The Eagles also could have dealt Vick -- teams were interested -- but their ability to diagnose what's best for them came into play again. He wouldn't have retrieved the compensation that Kolb could now, and Philadelphia needed a backup because even though they committed to the 2007 second-round draft pick, there was some uncertainty.

Both players earned tremendous respect from their teammates through their season of back-and-forth by carrying themselves the way they did. That permeated through a pretty selfless locker room. Speaking to players on the team, Kolb never lost any support either. Vick just gained more.
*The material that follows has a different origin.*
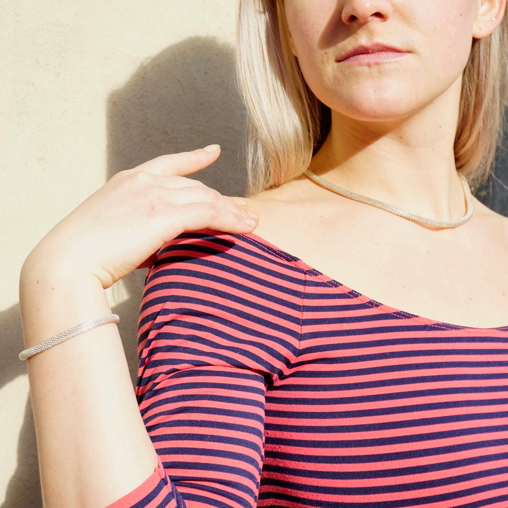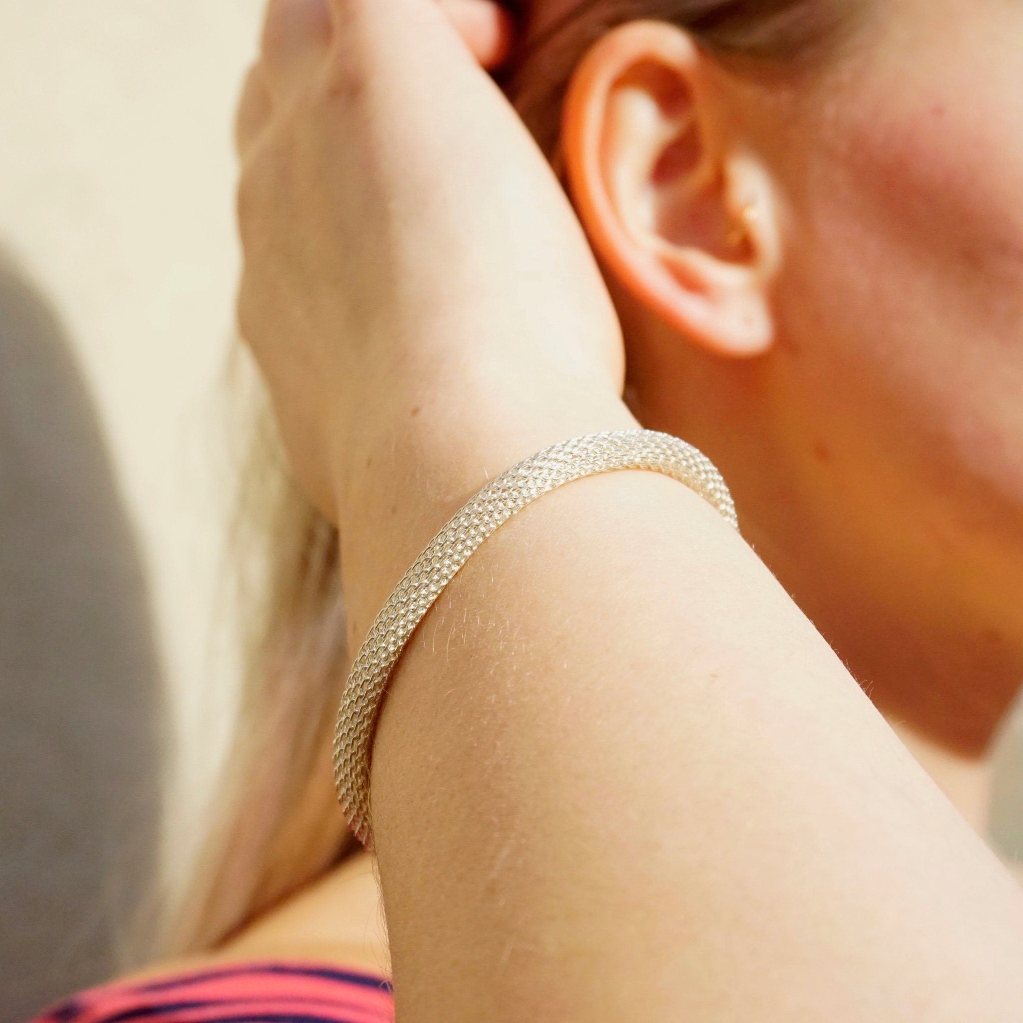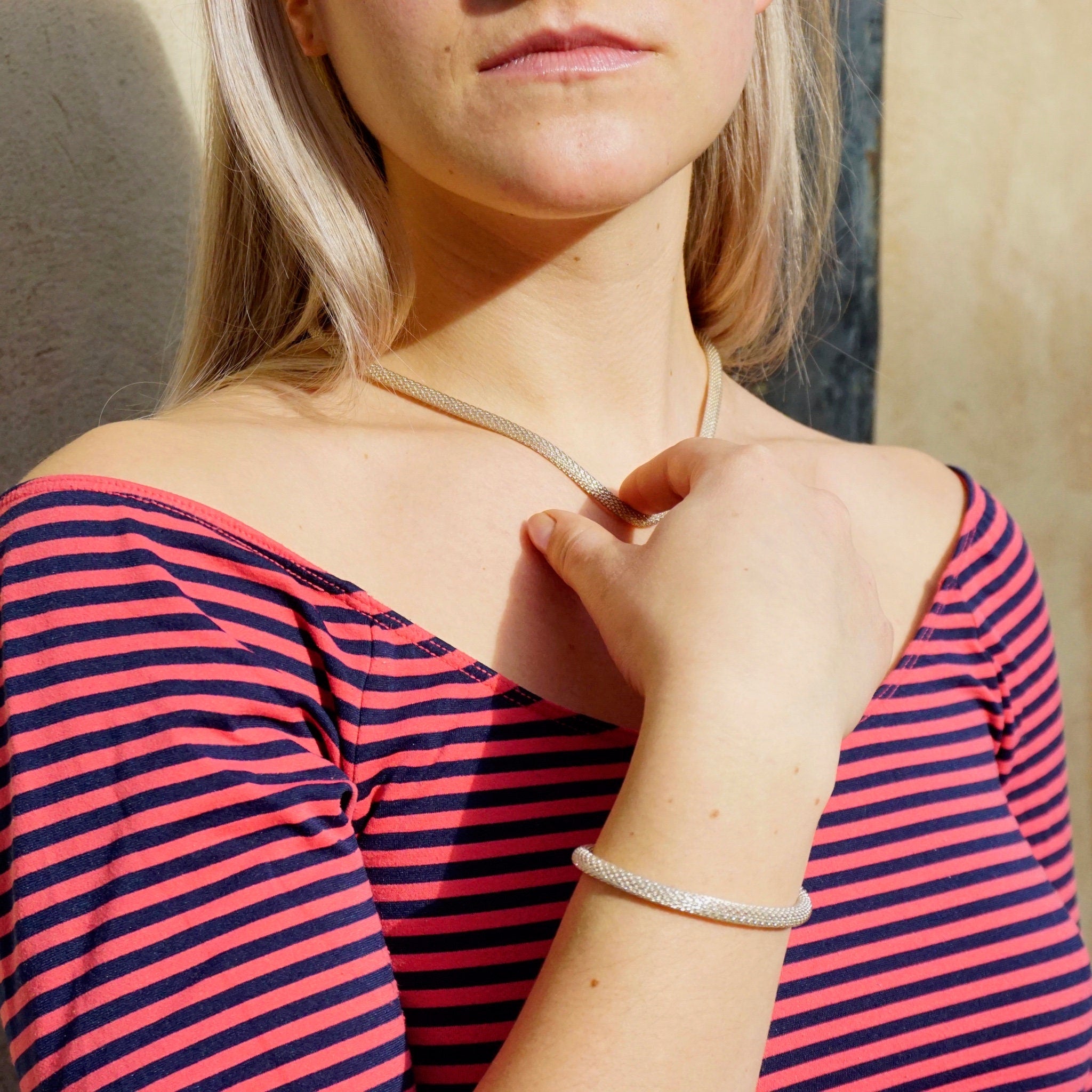 Vintage Sterling Silver Necklace And Bracelet, Hollow Mesh Chain Jewelry, Matching Silver Bracelet And Necklace Made In Italy, 925 Jewelry

Kolb knows that if he isn't moved -- which I believe he will be -- he could receive another chance in Philadelphia. Vick is injury-prone, and Kolb might have an opportunity to step in and make himself irreplaceable, the same way Vick did when Kolb went down. The Eagles haven't financially committed to Vick long-term, and he could end up being expendable should he stumble, be hurt, and Kolb fill in and emerge.

These things happen. That scenario seems unlikely, especially since the Eagles could receive a first- or second-round pick and then some to trade Kolb, whose contract expires after the 2011 season. But with the Eagles, anything is possible.

They might believe a championship run with Kolb as the backup is more important than his trade value. Then again, they could part ways with Kolb -- just as they did with Jeff Garcia, A.J. Feeley and McNabb -- and develop their next asset.